> [What you will do]
Transcribe the listing that follows in full, exactly, and drop its images.
### Data supplied ###
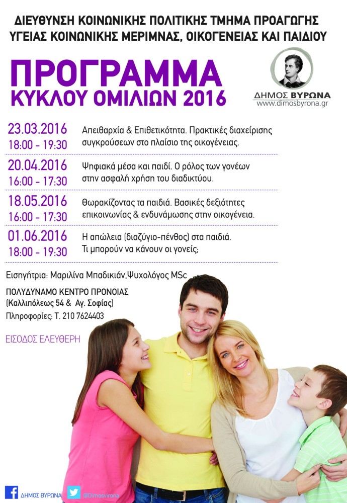 Η ομιλία θα πραγματοποιηθεί την Τετάρτη 1 Ιουνίου, ώρα 6:00-7:30 στο χώρο του Πολυδύναμου Κέντρου Πρόνοιας Δήμου Βύρωνα, (Καλλιπόλεως 59 & Αγ.Σοφίας τ. 210-7624403).
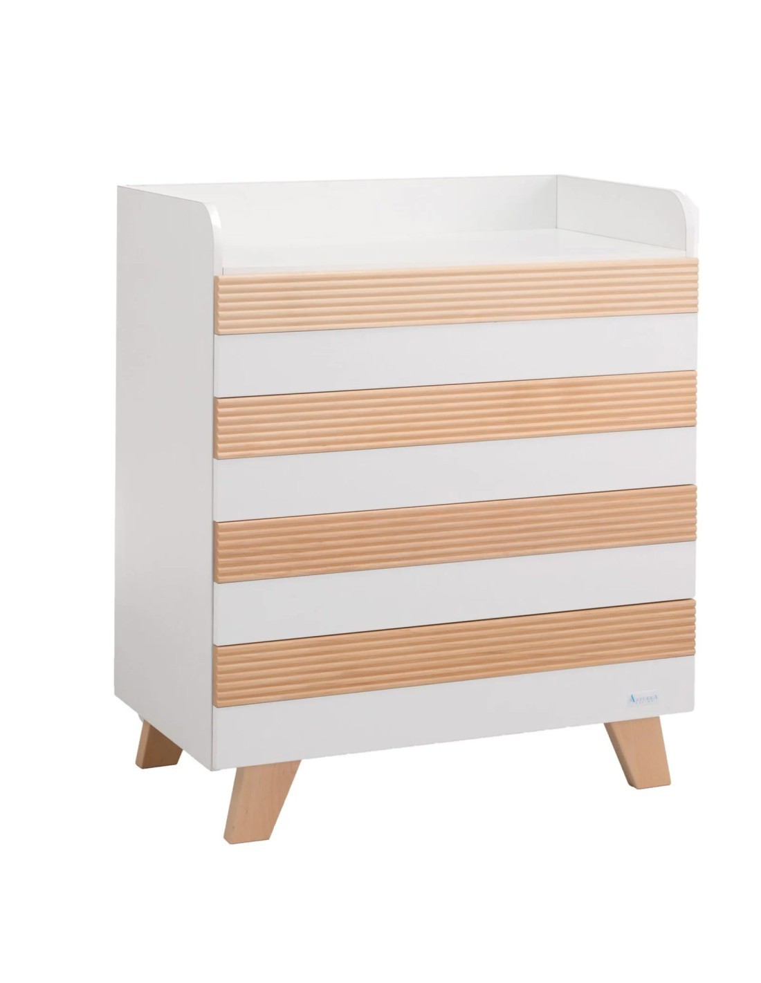 Comoda cassettiera per contenere i cambi del neonato, colore neutro per qualsiasi ambiente. Piano fasciatoio con bordino laterale.
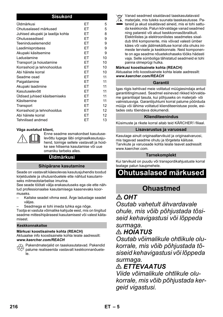 Ohutusseadised ET 9 Teeninduselemendid ET 9 Laadimisprotsess ET 9 Akupaki käsitsemine ET 9 Ladustamine ET 10 Transport ja hoiustamine ET 10 Korrashoid ja tehnohooldus ET 10 Abi häirete korral ET 10 Seadme osad ET 11 Paigaldamine ET 11 Akupaki laadimine ET 11 Kasutuselevüôtt ET 11 Üldised juhised käsitsemiseks ET 11 Käsitsemine ET 11 Transport ET 12 Korrashoid ja tehnohooldus ET 12 Abi häirete korral ET 12 Tehnilised andmed ET 13
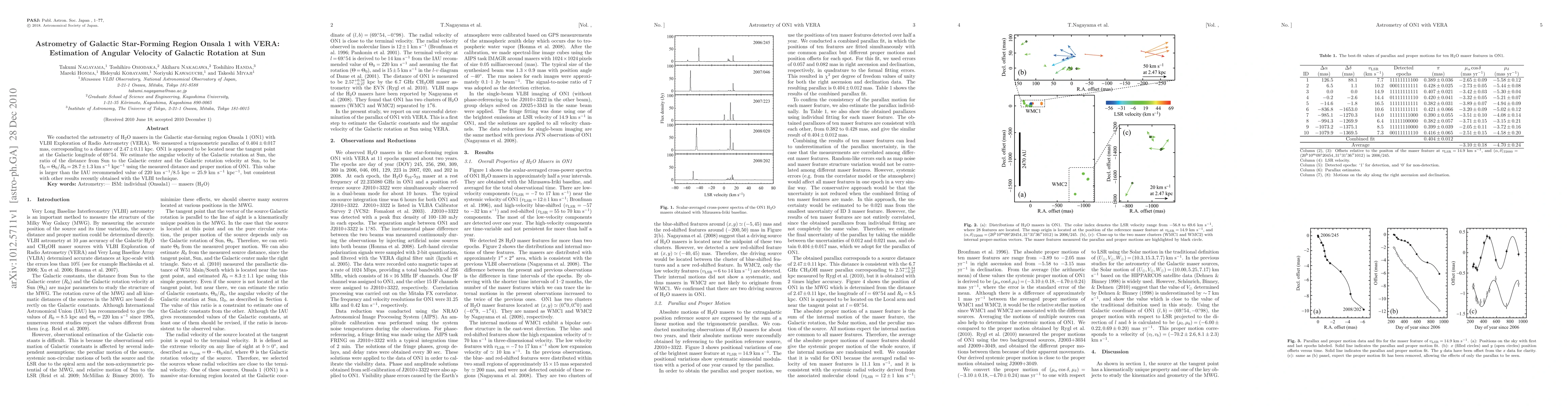 This paper uses VERA to measure astrometry of H2O masers in the Onsala 1 star-forming region, determining a distance of 2.47 kpc and estimating the Galactic rotation angular velocity at the Sun as 28.7±1.3 km/s/kpc, higher than the IAU recommended value but consistent with recent VLBI results.
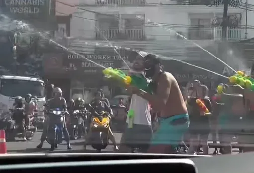 รวมไปถึงคนทำมาหากินอย่างคนขับรถตู้คันนี้ ที่ถูกนักท่องเที่ยวรุมป่วนด้วยการเปิดประตูรถทั้งฝั่งคนขับและฝั่งคนนั่งข้างหน้า ทั้งยังเปิดกะโปรงหลังรถตู้ จากนั้นพากันฉีดน้ำเข้าไปภายในตัวรถ จนคนขับต้องลงมาพยายามห้าม แต่สถานการณ์ก็ไม่ดีขึ้น จนเจ้าหน้าที่ตำรวจต้องเข้าควบคุมสถานการณ์ในเวลาต่อมา
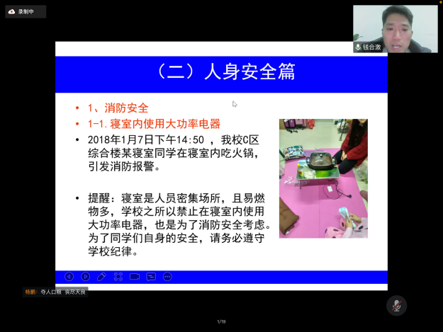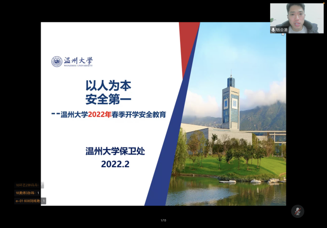 2022年2月23日晚上,在新学期,学院组织形势政策报告会——beat365英国官方网站2022年春季开学第一课暨安全教育专题讲座在腾讯会议上进行。本次报告会的主讲嘉宾beat365英国官方网站保卫处副处长钱合激老师,参加此次报告会讲座的有学院全体辅导员以及全院所有本研同学。学院学工办主任杨鹏老师主持了报告会讲座,介绍了本次报告会讲座的重要性以及的听课纪律。
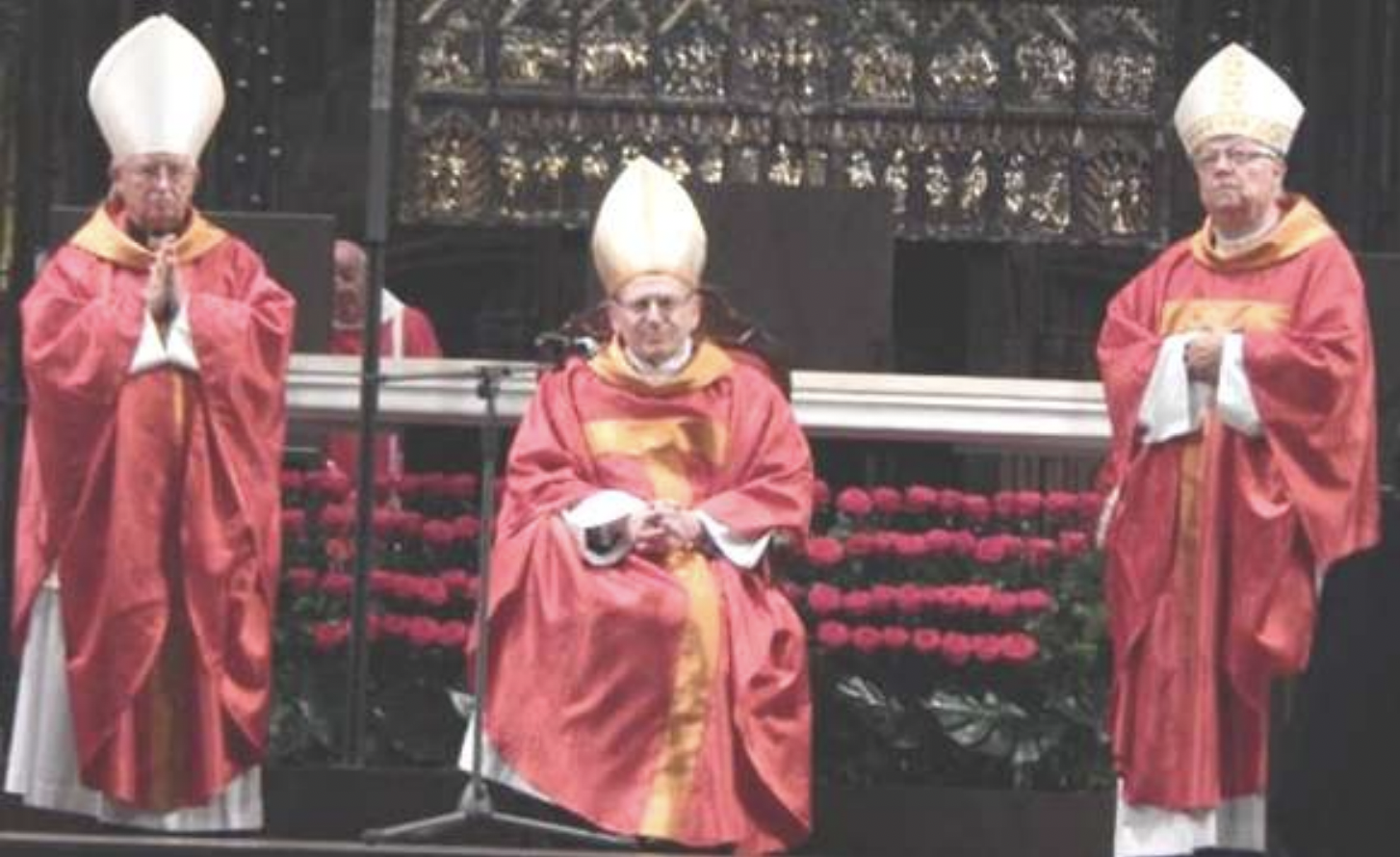 El Cardenal Amato, asistido por el Cardenal Cañizares y Mons. Pardo, obispo de Gerona
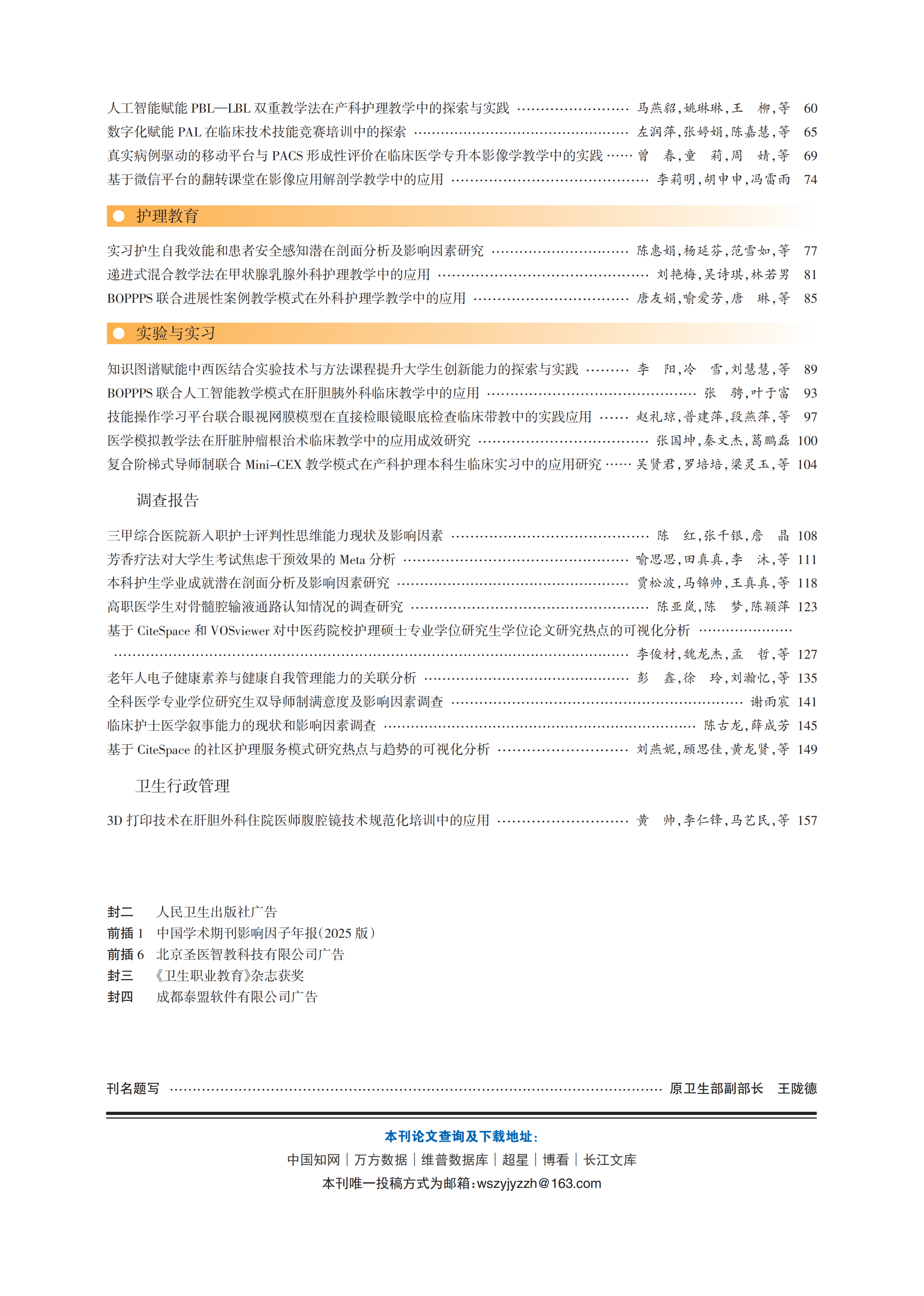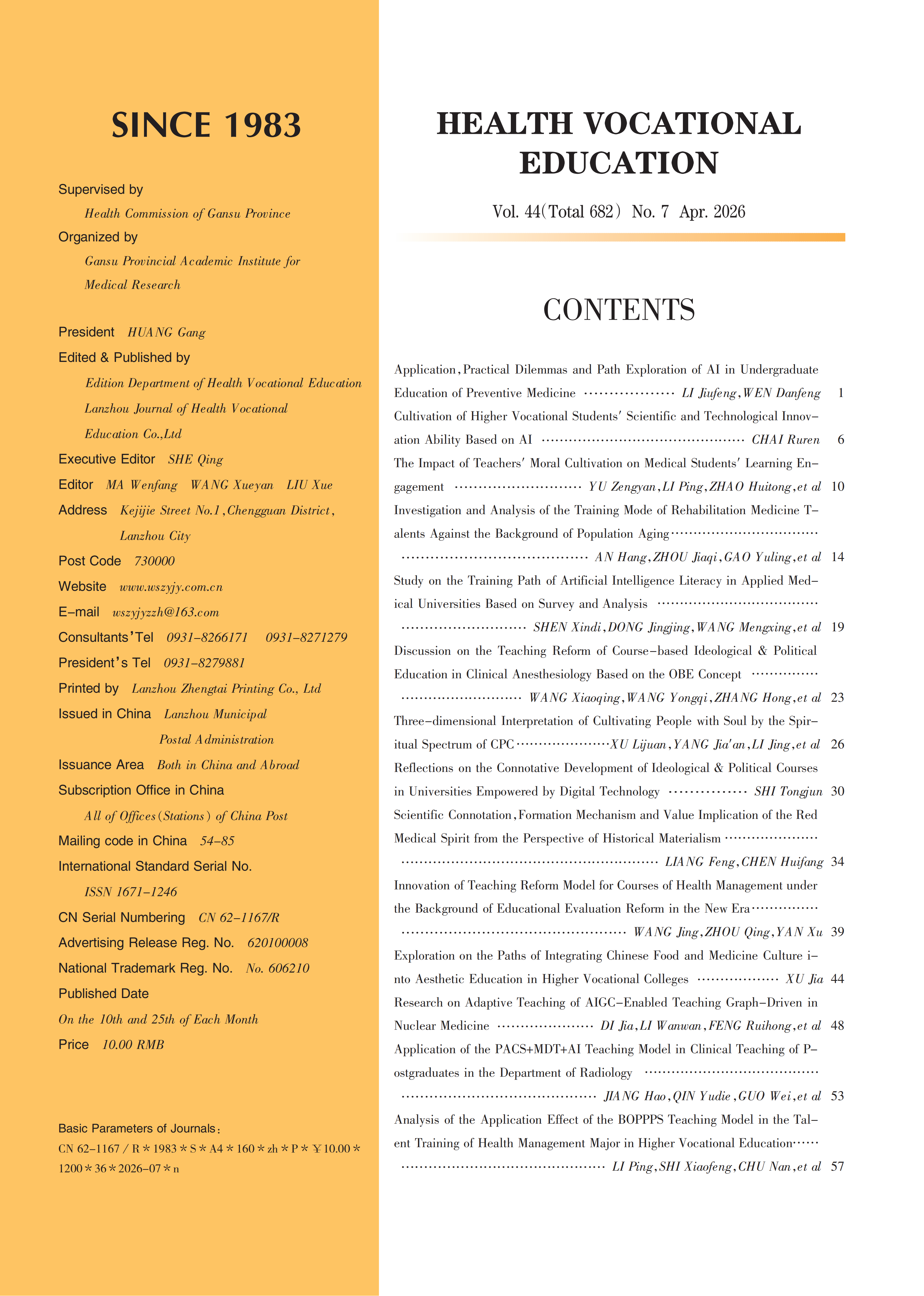 《卫生职业教育》2026年第7期封面目录
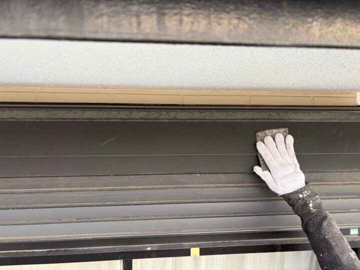 汚れ、サビ、旧塗膜等を落とし塗料の付着をよくするための作業を行いました。シャッターボックス/錆止め
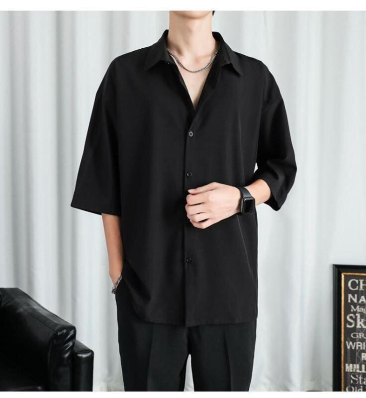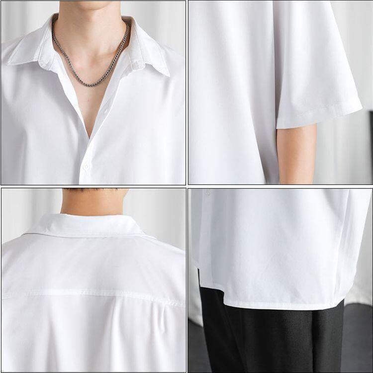 シャツ メンズ 男性用 夏 接触冷感 薄手 ポリエステル繊維 ゆったり ビッグシルエット カジュアル 5分袖 半袖 高級感 ドレープ感 スクエアカラー 日常使い ブラック グレー ホワイト
###
> [Solution below]
 Η ομιλία θα πραγματοποιηθεί την Τετάρτη 1 Ιουνίου, ώρα 6:00-7:30 στο χώρο του Πολυδύναμου Κέντρου Πρόνοιας Δήμου Βύρωνα, (Καλλιπόλεως 59 & Αγ.Σοφίας τ. 210-7624403).
 Comoda cassettiera per contenere i cambi del neonato, colore neutro per qualsiasi ambiente. Piano fasciatoio con bordino laterale.
 Ohutusseadised ET 9 Teeninduselemendid ET 9 Laadimisprotsess ET 9 Akupaki käsitsemine ET 9 Ladustamine ET 10 Transport ja hoiustamine ET 10 Korrashoid ja tehnohooldus ET 10 Abi häirete korral ET 10 Seadme osad ET 11 Paigaldamine ET 11 Akupaki laadimine ET 11 Kasutuselevüôtt ET 11 Üldised juhised käsitsemiseks ET 11 Käsitsemine ET 11 Transport ET 12 Korrashoid ja tehnohooldus ET 12 Abi häirete korral ET 12 Tehnilised andmed ET 13
 This paper uses VERA to measure astrometry of H2O masers in the Onsala 1 star-forming region, determining a distance of 2.47 kpc and estimating the Galactic rotation angular velocity at the Sun as 28.7±1.3 km/s/kpc, higher than the IAU recommended value but consistent with recent VLBI results.
 รวมไปถึงคนทำมาหากินอย่างคนขับรถตู้คันนี้ ที่ถูกนักท่องเที่ยวรุมป่วนด้วยการเปิดประตูรถทั้งฝั่งคนขับและฝั่งคนนั่งข้างหน้า ทั้งยังเปิดกะโปรงหลังรถตู้ จากนั้นพากันฉีดน้ำเข้าไปภายในตัวรถ จนคนขับต้องลงมาพยายามห้าม แต่สถานการณ์ก็ไม่ดีขึ้น จนเจ้าหน้าที่ตำรวจต้องเข้าควบคุมสถานการณ์ในเวลาต่อมา
 2022年2月23日晚上,在新学期,学院组织形势政策报告会——beat365英国官方网站2022年春季开学第一课暨安全教育专题讲座在腾讯会议上进行。本次报告会的主讲嘉宾beat365英国官方网站保卫处副处长钱合激老师,参加此次报告会讲座的有学院全体辅导员以及全院所有本研同学。学院学工办主任杨鹏老师主持了报告会讲座,介绍了本次报告会讲座的重要性以及的听课纪律。
 El Cardenal Amato, asistido por el Cardenal Cañizares y Mons. Pardo, obispo de Gerona
 《卫生职业教育》2026年第7期封面目录
 汚れ、サビ、旧塗膜等を落とし塗料の付着をよくするための作業を行いました。シャッターボックス/錆止め
 シャツ メンズ 男性用 夏 接触冷感 薄手 ポリエステル繊維 ゆったり ビッグシルエット カジュアル 5分袖 半袖 高級感 ドレープ感 スクエアカラー 日常使い ブラック グレー ホワイト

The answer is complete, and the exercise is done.